André Mourão / MoWA Press Diário do Grande ABC - Notícias e informações do Grande ABC: Santo André, São Bernardo, São Caetano, Diadema, Mauá, Ribeirão Pires e Rio Grande da Serra

Seleção faz gol contra, pressiona, mas peca nas finalizações e deixa a Copa derrotada por 2 a 1


Dérek Bittencourt
Do Diário do Grande ABC

07/07/2018 | 07:00


Fim da linha para a Seleção Brasileira na Copa do Mundo da Rússia. O sonho do hexacampeonato ficou para 2022, no Catar. Ontem, a equipe pressionou a Bélgica durante quase todo o tempo do duelo em Kazan, mas faltaram eficiência e precisão, enquanto aos belgas sobraram competência e sorte para construírem a vitória por 2 a 1. Agora, os europeus terão pela frente a França, terça-feira, às 15h. Já o Brasil vai encarar apenas longa viagem de volta ao País.

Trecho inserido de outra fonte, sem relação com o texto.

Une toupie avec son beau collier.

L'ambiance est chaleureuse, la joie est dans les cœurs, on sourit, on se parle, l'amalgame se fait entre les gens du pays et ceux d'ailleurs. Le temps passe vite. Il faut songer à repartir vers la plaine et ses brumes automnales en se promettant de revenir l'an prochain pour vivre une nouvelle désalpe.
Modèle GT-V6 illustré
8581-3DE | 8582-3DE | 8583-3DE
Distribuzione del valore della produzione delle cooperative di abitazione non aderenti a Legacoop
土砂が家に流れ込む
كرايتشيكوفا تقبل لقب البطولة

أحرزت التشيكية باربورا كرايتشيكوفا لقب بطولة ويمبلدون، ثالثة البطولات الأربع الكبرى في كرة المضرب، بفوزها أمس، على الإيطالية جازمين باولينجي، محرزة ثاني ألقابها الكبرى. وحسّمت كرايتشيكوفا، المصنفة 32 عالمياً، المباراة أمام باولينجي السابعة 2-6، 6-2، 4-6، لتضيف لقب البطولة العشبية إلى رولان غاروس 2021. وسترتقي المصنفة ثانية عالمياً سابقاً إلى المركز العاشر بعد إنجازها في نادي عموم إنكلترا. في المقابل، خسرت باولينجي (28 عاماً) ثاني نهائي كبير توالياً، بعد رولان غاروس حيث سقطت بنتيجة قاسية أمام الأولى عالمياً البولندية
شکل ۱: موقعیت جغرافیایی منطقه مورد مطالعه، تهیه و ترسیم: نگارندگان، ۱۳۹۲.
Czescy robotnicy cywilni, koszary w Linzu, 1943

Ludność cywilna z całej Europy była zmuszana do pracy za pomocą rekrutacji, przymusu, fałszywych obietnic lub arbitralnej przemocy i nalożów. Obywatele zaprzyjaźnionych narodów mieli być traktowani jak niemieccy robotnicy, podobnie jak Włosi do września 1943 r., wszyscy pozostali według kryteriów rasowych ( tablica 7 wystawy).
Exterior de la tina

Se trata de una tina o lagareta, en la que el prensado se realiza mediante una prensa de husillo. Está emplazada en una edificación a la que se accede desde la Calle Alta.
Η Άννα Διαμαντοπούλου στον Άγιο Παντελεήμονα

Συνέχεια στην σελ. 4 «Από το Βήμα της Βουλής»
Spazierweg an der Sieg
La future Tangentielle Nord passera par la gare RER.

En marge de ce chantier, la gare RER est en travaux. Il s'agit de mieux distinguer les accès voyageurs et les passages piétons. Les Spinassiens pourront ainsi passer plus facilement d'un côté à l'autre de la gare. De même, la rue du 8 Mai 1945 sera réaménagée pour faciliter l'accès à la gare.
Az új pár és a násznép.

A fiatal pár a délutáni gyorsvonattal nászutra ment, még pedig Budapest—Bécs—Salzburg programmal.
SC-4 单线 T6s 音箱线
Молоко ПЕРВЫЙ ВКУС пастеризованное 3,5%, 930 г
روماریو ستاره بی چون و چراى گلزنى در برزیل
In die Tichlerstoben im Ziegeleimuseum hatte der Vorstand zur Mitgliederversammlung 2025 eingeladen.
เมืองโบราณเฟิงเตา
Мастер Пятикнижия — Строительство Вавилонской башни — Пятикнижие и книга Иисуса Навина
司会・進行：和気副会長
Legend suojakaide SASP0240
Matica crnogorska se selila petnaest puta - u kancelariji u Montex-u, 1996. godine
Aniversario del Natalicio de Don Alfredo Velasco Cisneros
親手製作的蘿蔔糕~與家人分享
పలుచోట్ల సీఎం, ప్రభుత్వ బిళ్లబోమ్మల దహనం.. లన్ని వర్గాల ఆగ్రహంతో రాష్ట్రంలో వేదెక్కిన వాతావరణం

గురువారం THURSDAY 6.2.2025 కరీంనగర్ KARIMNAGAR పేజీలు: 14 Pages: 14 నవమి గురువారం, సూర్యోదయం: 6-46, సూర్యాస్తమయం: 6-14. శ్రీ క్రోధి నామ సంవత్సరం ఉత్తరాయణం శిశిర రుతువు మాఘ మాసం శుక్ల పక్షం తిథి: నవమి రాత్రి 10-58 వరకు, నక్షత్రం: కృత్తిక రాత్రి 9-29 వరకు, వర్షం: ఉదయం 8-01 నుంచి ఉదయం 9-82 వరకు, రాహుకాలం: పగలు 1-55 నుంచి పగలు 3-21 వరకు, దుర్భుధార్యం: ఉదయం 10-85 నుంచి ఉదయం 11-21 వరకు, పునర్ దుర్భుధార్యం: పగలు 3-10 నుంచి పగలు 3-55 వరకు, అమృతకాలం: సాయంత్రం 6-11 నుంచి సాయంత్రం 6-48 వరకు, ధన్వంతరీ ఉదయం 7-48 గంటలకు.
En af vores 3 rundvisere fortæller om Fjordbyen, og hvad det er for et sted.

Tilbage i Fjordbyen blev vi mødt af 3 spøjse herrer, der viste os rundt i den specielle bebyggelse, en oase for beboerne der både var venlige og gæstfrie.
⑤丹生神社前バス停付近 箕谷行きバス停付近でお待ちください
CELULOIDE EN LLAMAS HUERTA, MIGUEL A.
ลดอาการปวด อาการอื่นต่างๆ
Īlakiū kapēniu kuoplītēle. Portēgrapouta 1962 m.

A tristeza pela eliminação é evidente. Os questionamentos sobre alguns dos escolhidos por Tite é natural. Mas o Mundial mostrou que a Seleção voltou a ter crédito com a torcida. A grande campanha nas Eliminatórias e o bom desempenho – inclusive ontem – não foram ilusórios. Pelo contrário. O treinador impôs seu estilo de jogo e sua filosofia. Entretanto, do outro lado da partida de ontem tinha uma Bélgica com muita força de vontade, com um goleiro inspirado, que estava engasgada com os brasileiros e pôde, enfim, tirar o grito da garganta.
A forma como o Brasil se apresentou dava a impressão de que era possível ir adiante na Copa. Entretanto, alguns sinais foram demonstrando que não era o dia para o selecionado verde e amarelo. Logo aos sete minutos, quando Thiago Silva meio sem querer desviou escanteio, a bola caprichosamente parou na trave. Na sequência, Paulinho – que costuma ser firme e preciso – foi quem teve uma chance clara, mas pegou de mau jeito.

Aí, de repente, em escanteio para a Bélgica, o pior aconteceu: Fernandinho subiu desajeitado, a bola bateu em seu braço e entrou no gol, sem chances para Alisson: 1 a 0.

A vantagem deu aos belgas o conforto de jogar apenas nos contra-ataques. O Brasil tentava rodar a bola e encontrar espaços. Mas também cedia campo ao adversário. E foi assim que, aos 30, Lukaku ganhou de Fernandinho, avançou desde o campo de defesa e rolou para De Bruyne ampliar: 2 a 0.

Foi um baque para a Seleção, que demorou a se restabelecer. E, quando chegou, parou em Courtois. Caso do apagado Phillipe Coutinho, aos 36.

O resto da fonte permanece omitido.